Sorry, my mistake - the following is what I meant to write, but in a
rush I failed to do so:

As long as you structure the ESP filesystem as per UEFI specification,
a sympathetic OEM UEFI firmware implementation will process the first
ESP on the first hard disk and list OS kernels it finds in its boot
manager menu for you to select from.  The latest UEFI specification
does not restrict the number of ESPs, or their location.  It is
unlikely the UEFI firmware will process additional ESPs on the same,
or other hard disks, or partitions which have anything other than
FAT(12,16,32) filesystems.  I seem to recall earlier OEM
implementations explicitly excluded more than one ESP on the primary
disk.  In the future the UEFI specification may evolve to include more
than one ESP or FAT partitions, perhaps even with/without the ESP GUID
being set.

Removable devices with an ESP structured as per UEFI specification
will also be probed and their primary (default) bootable kernel listed
by the UEFI firmware.  Selecting a listed removable device from within
the UEFI boot menu will boot it, as you observed.

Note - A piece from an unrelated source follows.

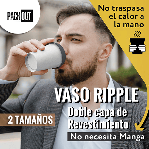 OFERTA MAYORISTA!!! Vaso Café Negro Ripple Doble Capa + Tapa 1.000 Unidades
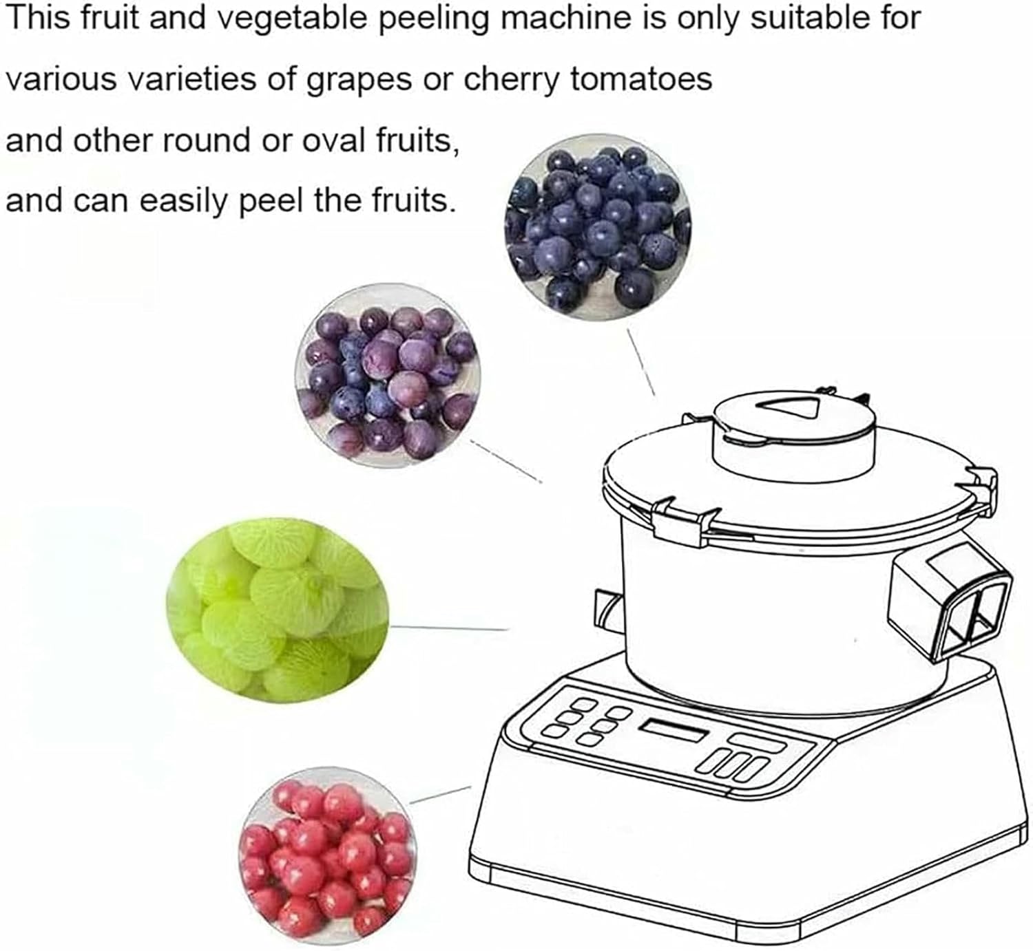 【Product advantages】 This fruit and vegetable peeling machine is an efficient, convenient and safe fruit peeling equipment, suitable for various round and oval small fruits such as grapes or cherry tomatoes. The rotating cutter separates the fruit skin from the pulp, allowing you to peel the fruit easily. 【advantage】 *The maximum duration of a single work is 600 seconds. *5-edge cutter head, diameter 207.6mm. *Pure copper motor, high-speed rotation, quick peeling. *Adjustable rotation direction (forward/reverse), speed, and time. *6 speeds adjustable: 1100-1800RPM. *The cylinder is transparent and visible, and the processing process is clear at a glance. *This machine is mainly suitable for various grapes and cherry tomatoes, and is also suitable for other small round or oval melons. 【Product parameters】 Name: Commercial Grape Peeling Machine Power: 85W Blade diameter: 207.6mm Speed: 6 gears Output: 500g/min Size: 30*33*30cm Packing size: 35*40*35cm Net weight/gross weight: 4.2kg/7kg Purpose: snack food factory, fruit processing factory, commercial catering, winery, beverage factory, cannery, frozen food factory, others 【Package List】1* Electric Grape Peeling Machine

If you want more than one kernel per OS subdirectory to be listed in
the UEFI boot manager's menu, you will need to add them in the desired
order using the efibootmgr command.  Otherwise, the UEFI firmware will
not behave predictably in which of these kernels it selects to list in
its boot menu.

As I understand it, 'bootctl --update' can be used to update
systemd-boot boot manager's menu and it is looking for bootable
kernels by scanning /efi, /boot, and /boot/efi, or the directory set
by passing the '--path' option to it.  Manual addition of bootable
kernels must be set via /loader/entries/*.conf (one file per kernel
image) and then setting the default kernel to be booted in
/loader/loader.conf.  I find all this to be unnecessary complication
for maintaining a boot manager manually, compared to using say
efibootmgr.  However, it is handy to be able to press 'e' to edit the
default entry at boot time, or if new kernels are always stored where
expected by the scripts of binary distros.

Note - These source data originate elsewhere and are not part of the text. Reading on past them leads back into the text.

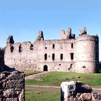 Darnaway Castle is located in Darnaway Forest, 3 miles from Forres. This was Comyn land, given to Thomas Randolph along with the Earldom of Moray by King Robert I. Sir Thomas Randolph probably built the first castle. The castle has remained the seat of the Earls of Moray ever since. Rebuilt in 1810, it retains the old banqueting hall, capable of accommodating 1,000 men. John, 3rd Earl, died at the Battle of Neville’s Cross in 1346 without male heirs, and the earldom went to Patrick Dunbar, who was the husband of one of John’s daughters. The male line of the Dunbars failed around 1430, and the earldom went to the Douglases. When Archibald Douglas, Earl of Moray died in battle on May 1, 1455, fighting with his brothers against King James III, who had decided to curb the power wielded by the Douglases, the Moray title and estates were forfeited along with various other Douglas possessions. It now passed to the Murrays, and then to the Stuart family, with whose descendants it remains. To the south of the castle, where the River Findhorn rushes through a gorge, Randolph’s Leap commemorates the sort of long-jumping usually associated with Rob Roy MacGregor. The castle is still occupied.
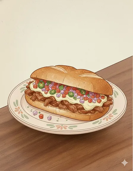 Lonche a la plancha relleno de birria 80g, queso gratinado, cebolla, cilantro fresco y consommé
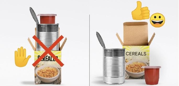 When you nest packaging before placing it in the yellow bin, you prevent it from being separated by material at the sorting center. Indeed, an aluminum can hidden inside a cardboard box may not be recognized by the sorting equipment. Similarly, it is important to separate the components of the same package before placing them in the bin (for example, for a packet of biscuits, separate the cardboard box and the plastic tray). If our packaging isn't separated, it's misidentified and won't be sent to its respective recycling stream. Higher-quality recyclable materials are more likely to be transformed into new, high-quality products.
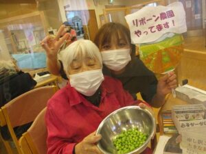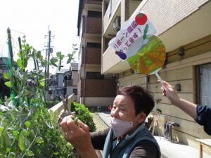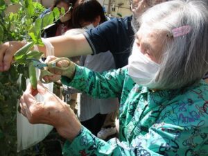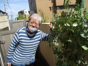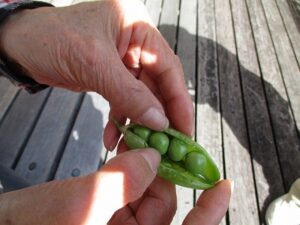 テラスで育てていたエンドウ豆がいっぱい実っていたので、ゲスト様と一緒に4月23日に収穫しました❣

For Peter's use case, OS and kernel resides on secondary disk, the
solutions I can think are:

1. Use GRUB.  The UEFI firmware will load the GRUB efi image, which
will load the desired kernel and OS wherever it might reside.
Secondary disks and non-FAT filesystems are not a problem, because
GRUB has various fs drivers and will probe additional devices.
Following installation maintenance is minimal compared to other
options.

2. Use systemd-boot.  Copy each kernel from the secondary disk to
/boot/EFI/ creating the corresponding /loader/entries/*.conf, adding
the kernel .conf name and the OS root partition's path on the
secondary disk.  The root path can also/instead be included in the
kernel itself (CONFIG_CMDLINE).

3. Use some other boot manager (e.g. rEFInd, ELILO).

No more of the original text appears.